Problem statement —
Each line below must be set down exactly; omit any image you find.
------ Given data ------
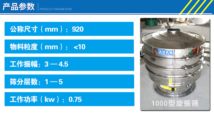 1000型不銹鋼振動(dòng)篩整機(jī)采用不銹鋼304材質(zhì),篩面直徑920mm,網(wǎng)孔規(guī)格在0.028—5mm之間,搭配功率0.75KW的振動(dòng)電機(jī)電機(jī),日篩分花椒粉產(chǎn)量可達(dá)500kg-800kg。具體參數(shù)如下:
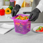 Maximize your kitchen's efficiency with versatile storage solutions. The Met Lux Stackable Plastic Food Container – 2.3 Qt, Temperature-Resistant, Reusable Label – 6.85 inches by 6.2 inches by 5.9 inches optimizes space with its stackable design, making it an ideal choice for busy foodservice environments where organization is key. This plastic food container is BPA-free, ensuring it meets stringent food safety standards while providing the durability necessary for everyday use. With its freezer-safe container capabilities, it withstands temperatures from -40 to 200 degrees Fahrenheit, making it perfect for storing both hot and cold foods without compromising quality. The container features a dishwasher-safe surface, simplifying cleaning and maintenance, freeing up valuable time for your staff. Its flexible polypropylene construction offers strength and affordability. Each order includes 1 Met Lux Stackable Plastic Food Container – Purple, Temperature-Resistant, Reusable Label.
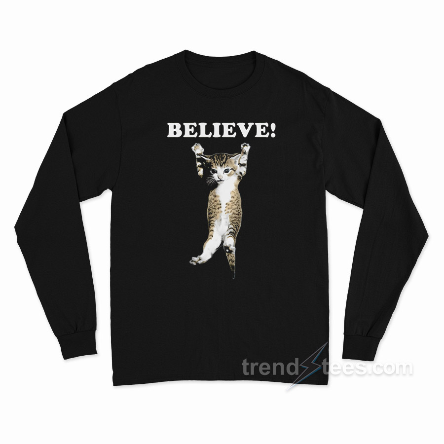 Believe Cat Poster Long Sleeve Shirt Trendy Clothing Store
------
Result of this exercise —
 1000型不銹鋼振動(dòng)篩整機(jī)采用不銹鋼304材質(zhì),篩面直徑920mm,網(wǎng)孔規(guī)格在0.028—5mm之間,搭配功率0.75KW的振動(dòng)電機(jī)電機(jī),日篩分花椒粉產(chǎn)量可達(dá)500kg-800kg。具體參數(shù)如下:
 Maximize your kitchen's efficiency with versatile storage solutions. The Met Lux Stackable Plastic Food Container – 2.3 Qt, Temperature-Resistant, Reusable Label – 6.85 inches by 6.2 inches by 5.9 inches optimizes space with its stackable design, making it an ideal choice for busy foodservice environments where organization is key. This plastic food container is BPA-free, ensuring it meets stringent food safety standards while providing the durability necessary for everyday use. With its freezer-safe container capabilities, it withstands temperatures from -40 to 200 degrees Fahrenheit, making it perfect for storing both hot and cold foods without compromising quality. The container features a dishwasher-safe surface, simplifying cleaning and maintenance, freeing up valuable time for your staff. Its flexible polypropylene construction offers strength and affordability. Each order includes 1 Met Lux Stackable Plastic Food Container – Purple, Temperature-Resistant, Reusable Label.
 Believe Cat Poster Long Sleeve Shirt Trendy Clothing Store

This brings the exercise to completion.